EXERCISE PROMPT:
Begin your copy at the line with "Barrick Pakistan invites" in the records below and end it at the line with "मुख्यमंत्री तीरथ सिंह रावत ने", restating each line word for word; omit the pictures.

GIVEN RECORDS:
----------

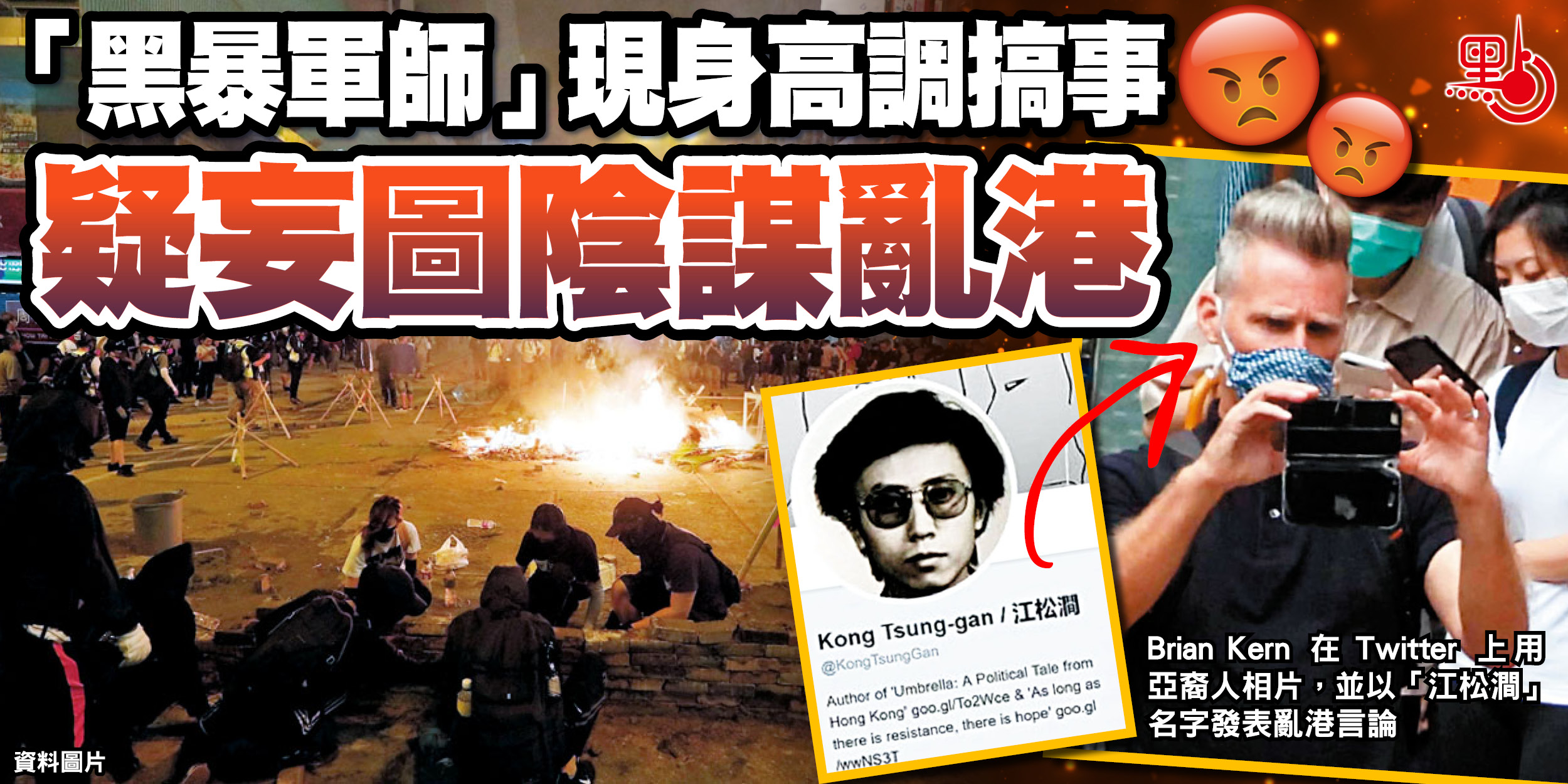 記者發現,「DC4HK」成員Brian Kern,就是2019年黑暴期間甚為活躍的「黑暴軍師」Brian Patrick Kern。翻查資料,此人曾被媒體爆出在港期間擁有多個身份,包括國際學校教師、總部在美國的「特赦國際」成員。雖然他是外國人,但卻在其Twitter上貼一張亞裔人相片,並以「江松澗」(Kong Tsung-gan)的名字發表諸多亂港言論,有媒體更懷疑他是美國中情局(CIA)特務。據悉,Brian Kern在香港國安法實施前已逃離香港,其後一直未公開露面,這次高調現身,或者另有陰謀。
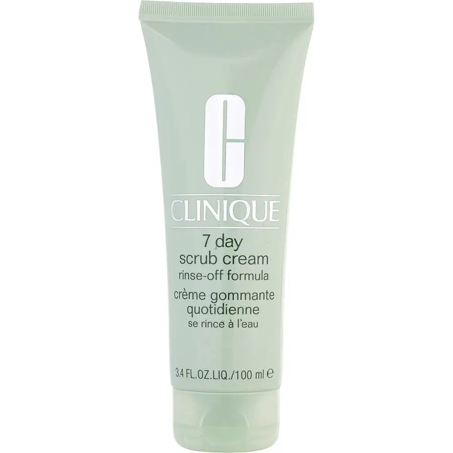 Clinique 7 Day Scrub  Rinse Off Cream is a gentle exfoliating cream polishes and refines skin’s texture. Dermatologist-developed exfoliating cream gently brushes away roughness and flakiness, clearing the way for moisturizer and smoother makeup application. The lightweight formula smooths skin, helping to minimize the appearance of fine, dry lines. No parabens. No phthalates. No fragrance.
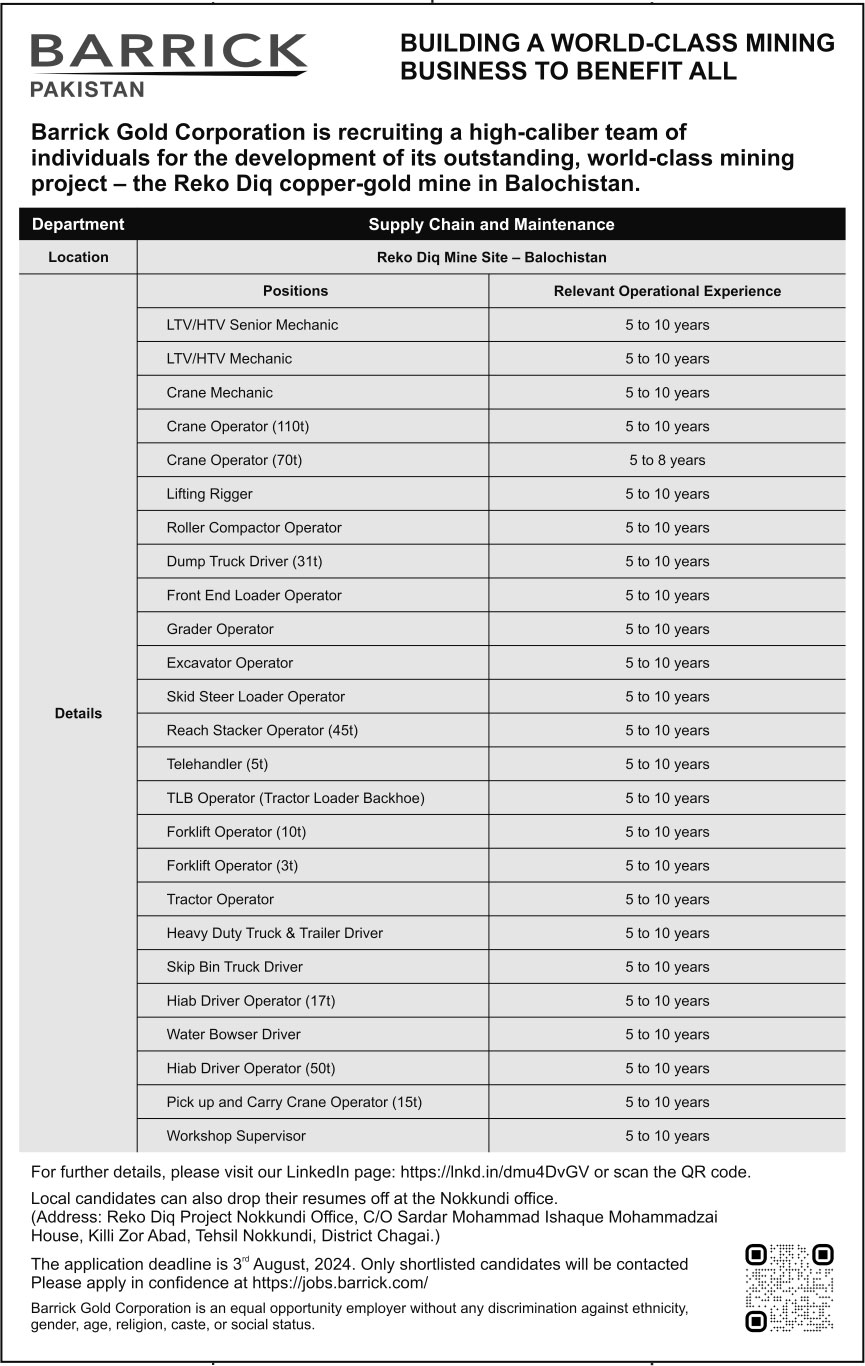 Barrick Pakistan invites applications for job positions advertised in daily Other dated 13 July 2024 for following vacancies in Chaghi, chaghi Balochistan Pakistan.
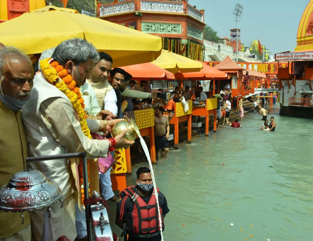 मुख्यमंत्री तीरथ सिंह रावत ने शनिवार को हरकी पैड़ी पहुंचकर मां गंगा की पूजा-अर्चना की। मुख्यमंत्री तीरथ सिंह रावत शनिवार को देहरादून से चलकर हरकी पैड़ी पहुंचे। यहां पर उनका विधानसभा अध्यक्ष प्रेम चन्द्र अग्रवाल, राज्यमंत्री स्वामी यतीश्वरानंद, प्रदेश अध्यक्ष मदन कौशिक, रानीपुर विधायक आदेश चौहान, ज्वालापुर विधायक सुरेश राठौर, भाजपा जिलाध्यक्ष जयपाल सिंह चौहान, जिला महामंत्री विकास तिवारी, मेला अधिष्ठान के अधिकारियों और श्री गंगा सभा के सभापति कृष्ण कुमार शर्मा, अध्यक्ष प्रदीप झा, महामंत्री तन्मय वशिष्ठ, स्वागत मंत्री सिद्धार्थ चक्रपाणी, उज्ज्वल पंडित सहित अन्य लोगों ने स्वागत किया।
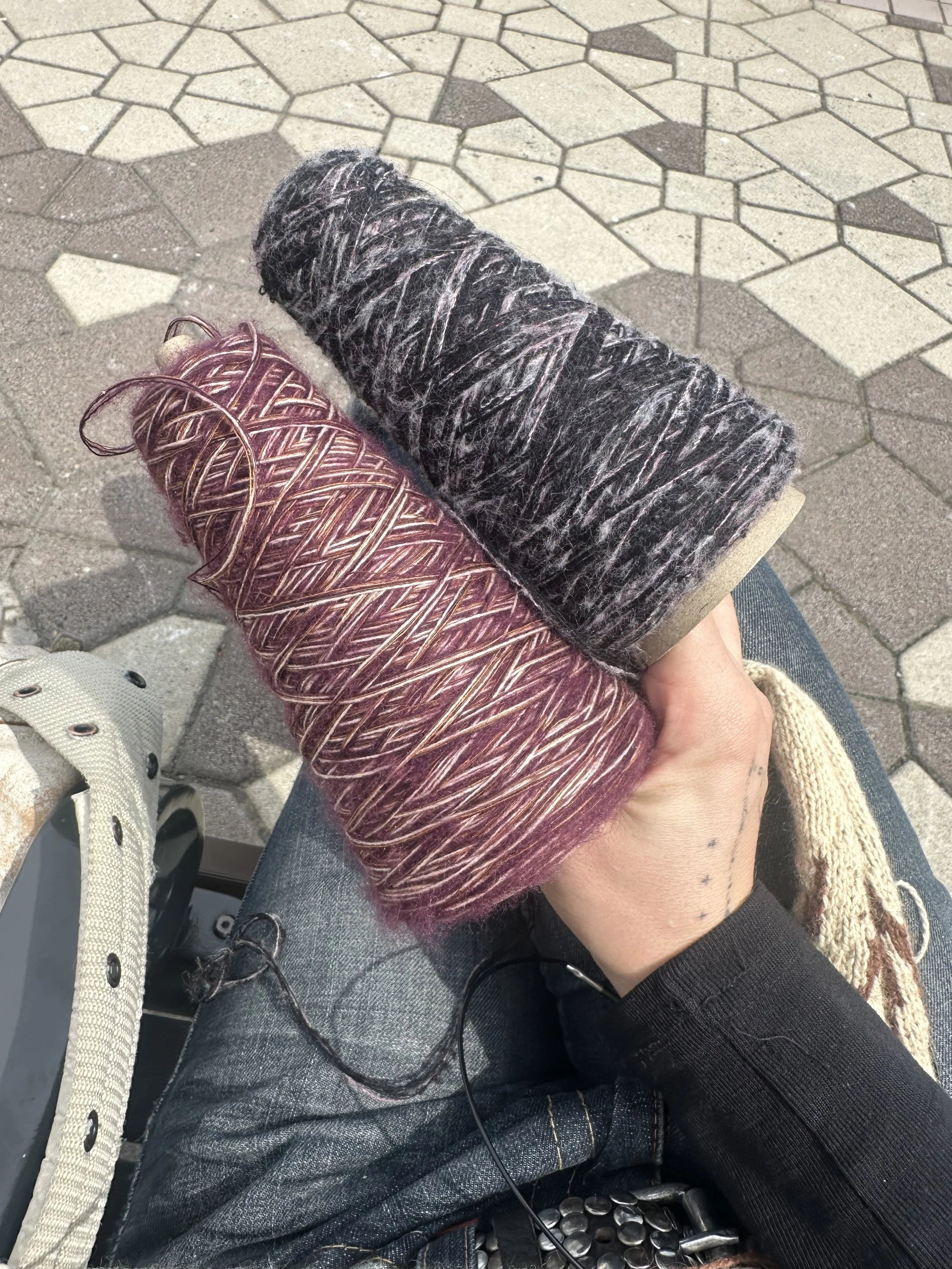 Inspired by phones and beers. I looked through my old drunk msgs to include here but I just hurt my feelings. I purchased the grey yarn from Masuzakiya yarn store in Osaka. I recommend it if you are in the area, all the yarns are sorted by country of origin and the owners feel passionate about the products. The black cotton yarn is left over from another project
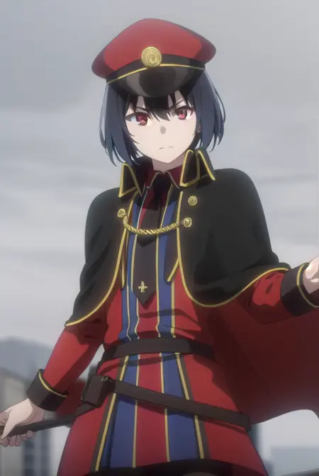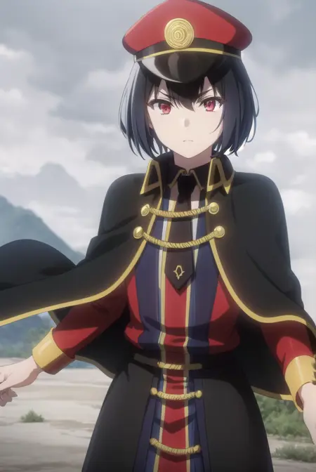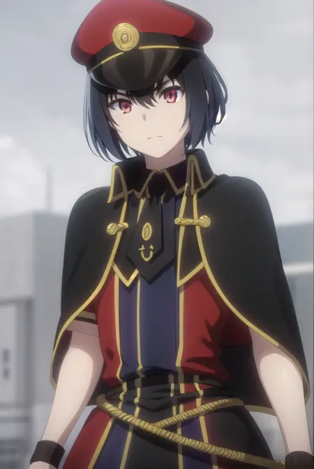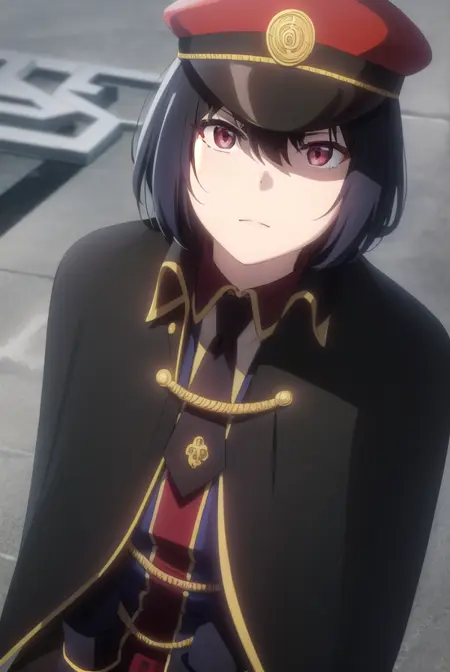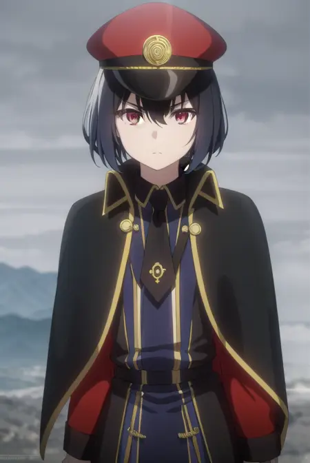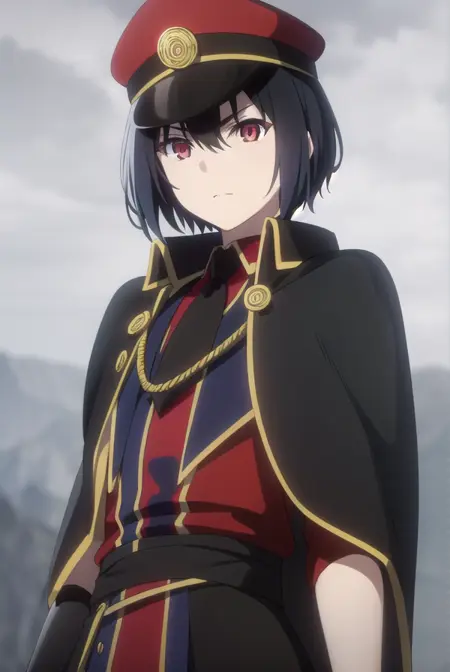 hat, pantyhose, necktie, cape, uniform, black pantyhose, military, military uniform, peaked cap, black necktie, military hat, black cape,
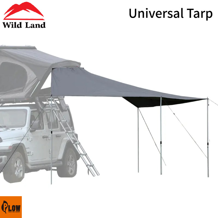 このルーフトップテント用オーニングタープは、Normandyシリーズ、Pathfinderシリーズ、Wild Cruiser、Desert Cruiser、Rock Cruiser、Bush Cruiserなど、すべてのWild Landルーフトップテントに対応します。210Dリップストップオックスフォード生地にシルバーコーティングを施し、UPF50+の紫外線防止性能を備えています。タープはルーフトップテント上部にバックルで接続し、テント内で過ごす際に日差しや雨を防ぎます。また、ルーフトップテントがなくても車両に直接取り付け、サンシェードとして単独使用することも可能です。
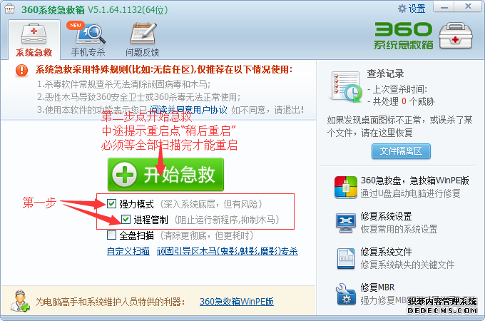 方法1:请用户 点此下载 360系统急救箱后运行,按如下图来处理。
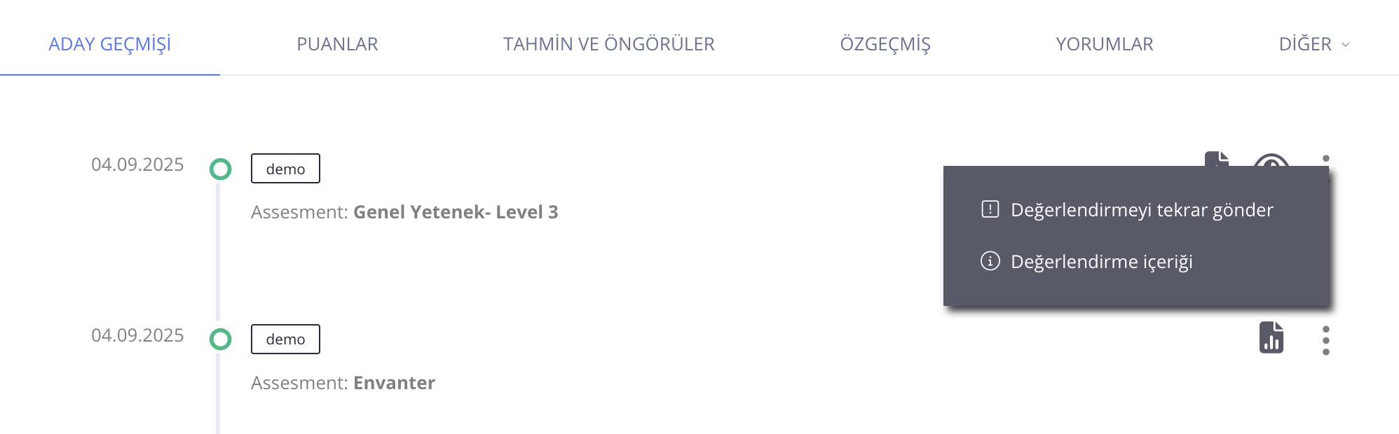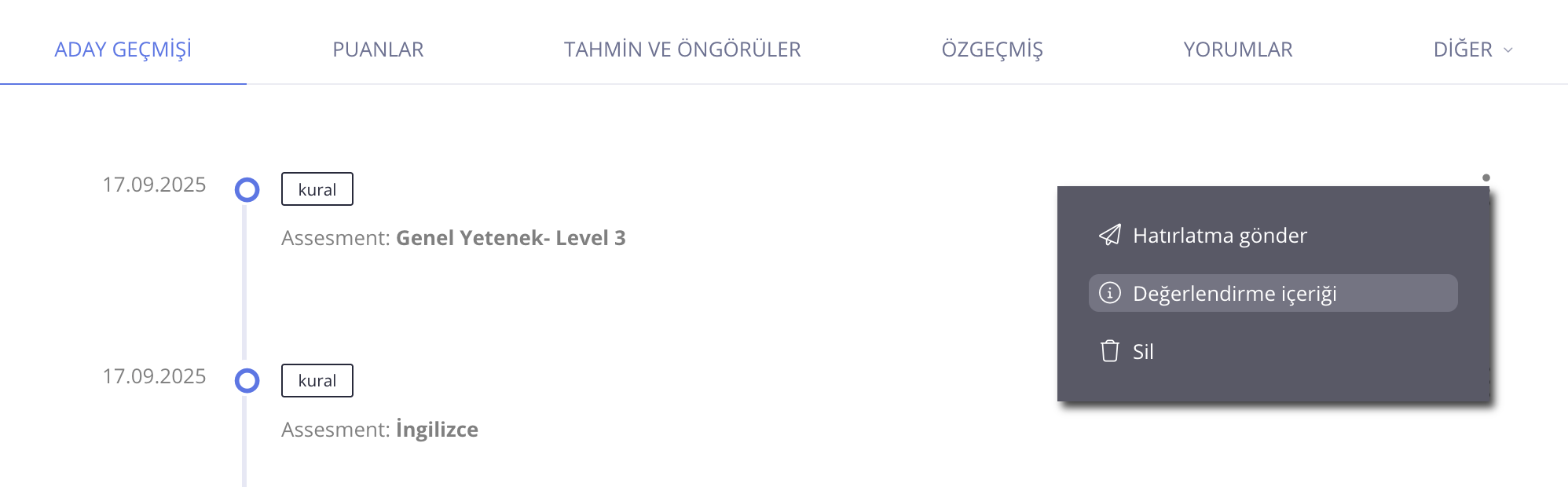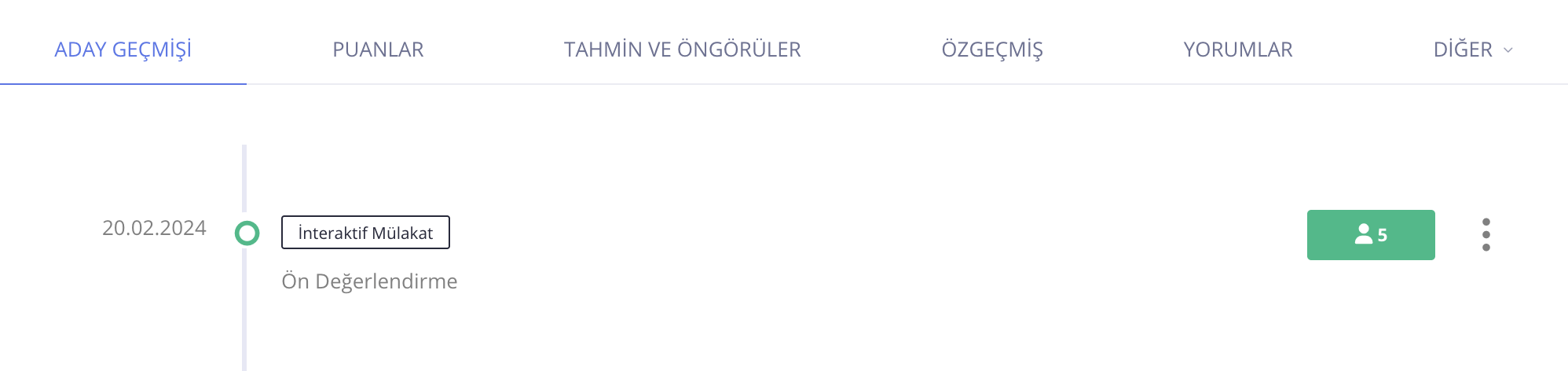 Bu alanda, adayın geçmiş bilgileri yer alır. Bu bilgiler, adayın eklendiği pozisyon, adaya gönderilen değerlendirme ve anket, aday olumsuz, aday kısa/uzun listeye eklendi vb. şeklindedir. Değerlendirme sonuçları, ilgili değerlendirmenin yanında bulunan raporlarda verilir.

----------

FINISHED TASK:
 Barrick Pakistan invites applications for job positions advertised in daily Other dated 13 July 2024 for following vacancies in Chaghi, chaghi Balochistan Pakistan.
 मुख्यमंत्री तीरथ सिंह रावत ने शनिवार को हरकी पैड़ी पहुंचकर मां गंगा की पूजा-अर्चना की। मुख्यमंत्री तीरथ सिंह रावत शनिवार को देहरादून से चलकर हरकी पैड़ी पहुंचे। यहां पर उनका विधानसभा अध्यक्ष प्रेम चन्द्र अग्रवाल, राज्यमंत्री स्वामी यतीश्वरानंद, प्रदेश अध्यक्ष मदन कौशिक, रानीपुर विधायक आदेश चौहान, ज्वालापुर विधायक सुरेश राठौर, भाजपा जिलाध्यक्ष जयपाल सिंह चौहान, जिला महामंत्री विकास तिवारी, मेला अधिष्ठान के अधिकारियों और श्री गंगा सभा के सभापति कृष्ण कुमार शर्मा, अध्यक्ष प्रदीप झा, महामंत्री तन्मय वशिष्ठ, स्वागत मंत्री सिद्धार्थ चक्रपाणी, उज्ज्वल पंडित सहित अन्य लोगों ने स्वागत किया।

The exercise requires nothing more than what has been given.